**Dataset section**.

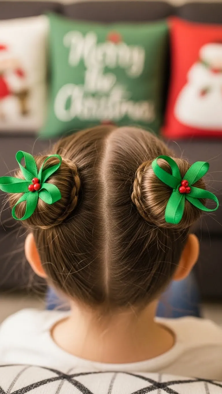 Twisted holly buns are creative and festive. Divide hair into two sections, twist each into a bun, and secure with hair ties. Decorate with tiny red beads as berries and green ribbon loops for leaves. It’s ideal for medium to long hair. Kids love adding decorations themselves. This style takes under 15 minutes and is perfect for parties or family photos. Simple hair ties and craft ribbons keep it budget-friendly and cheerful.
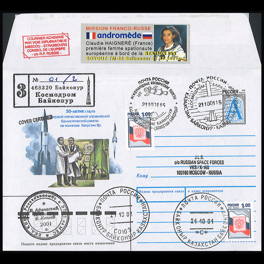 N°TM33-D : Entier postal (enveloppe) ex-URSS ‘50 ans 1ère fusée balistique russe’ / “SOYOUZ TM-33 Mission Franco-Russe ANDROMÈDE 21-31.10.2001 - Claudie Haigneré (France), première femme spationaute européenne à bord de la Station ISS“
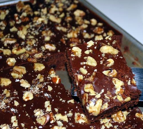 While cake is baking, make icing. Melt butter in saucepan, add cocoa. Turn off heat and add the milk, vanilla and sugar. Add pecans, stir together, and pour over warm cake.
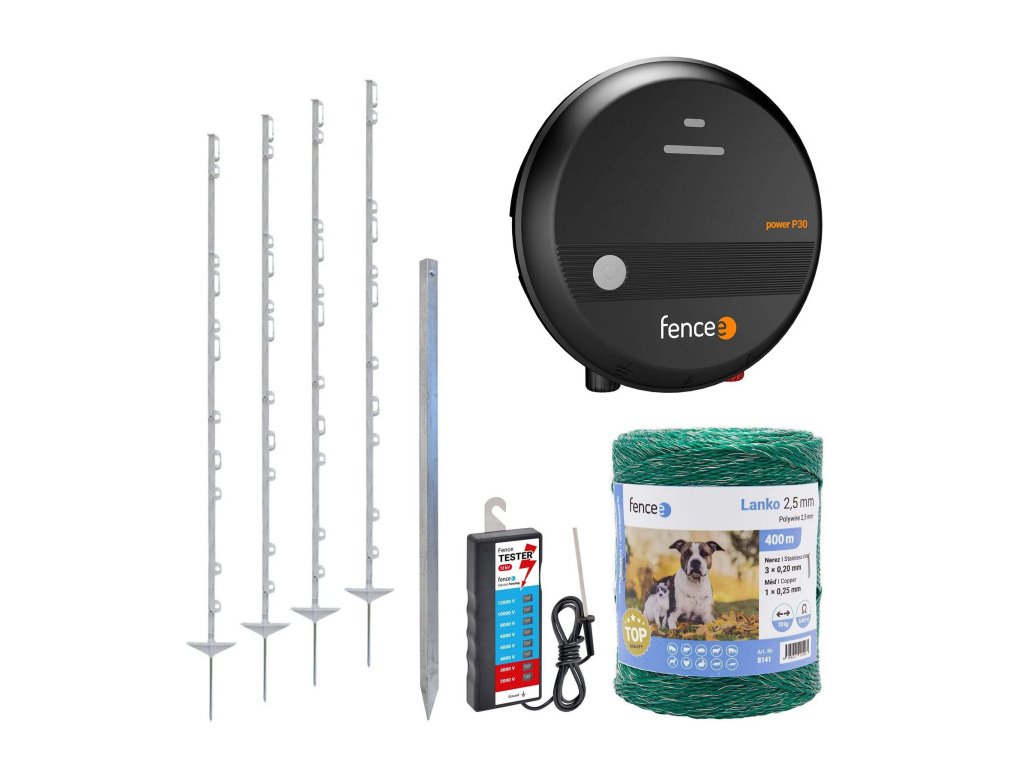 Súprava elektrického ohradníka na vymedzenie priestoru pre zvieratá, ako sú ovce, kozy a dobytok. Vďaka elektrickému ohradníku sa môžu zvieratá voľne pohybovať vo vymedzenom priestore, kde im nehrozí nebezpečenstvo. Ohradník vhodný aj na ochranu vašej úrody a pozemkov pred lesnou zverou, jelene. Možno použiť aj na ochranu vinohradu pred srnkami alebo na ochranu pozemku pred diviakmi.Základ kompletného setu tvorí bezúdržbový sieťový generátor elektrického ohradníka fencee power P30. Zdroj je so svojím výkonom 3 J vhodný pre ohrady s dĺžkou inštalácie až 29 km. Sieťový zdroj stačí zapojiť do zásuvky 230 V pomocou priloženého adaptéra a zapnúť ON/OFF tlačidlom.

**To do**.
Omit the pictures, then set down all the remaining data exactly as given.

**Solution to this task**.
 Twisted holly buns are creative and festive. Divide hair into two sections, twist each into a bun, and secure with hair ties. Decorate with tiny red beads as berries and green ribbon loops for leaves. It’s ideal for medium to long hair. Kids love adding decorations themselves. This style takes under 15 minutes and is perfect for parties or family photos. Simple hair ties and craft ribbons keep it budget-friendly and cheerful.
 N°TM33-D : Entier postal (enveloppe) ex-URSS ‘50 ans 1ère fusée balistique russe’ / “SOYOUZ TM-33 Mission Franco-Russe ANDROMÈDE 21-31.10.2001 - Claudie Haigneré (France), première femme spationaute européenne à bord de la Station ISS“
 While cake is baking, make icing. Melt butter in saucepan, add cocoa. Turn off heat and add the milk, vanilla and sugar. Add pecans, stir together, and pour over warm cake.
 Súprava elektrického ohradníka na vymedzenie priestoru pre zvieratá, ako sú ovce, kozy a dobytok. Vďaka elektrickému ohradníku sa môžu zvieratá voľne pohybovať vo vymedzenom priestore, kde im nehrozí nebezpečenstvo. Ohradník vhodný aj na ochranu vašej úrody a pozemkov pred lesnou zverou, jelene. Možno použiť aj na ochranu vinohradu pred srnkami alebo na ochranu pozemku pred diviakmi.Základ kompletného setu tvorí bezúdržbový sieťový generátor elektrického ohradníka fencee power P30. Zdroj je so svojím výkonom 3 J vhodný pre ohrady s dĺžkou inštalácie až 29 km. Sieťový zdroj stačí zapojiť do zásuvky 230 V pomocou priloženého adaptéra a zapnúť ON/OFF tlačidlom.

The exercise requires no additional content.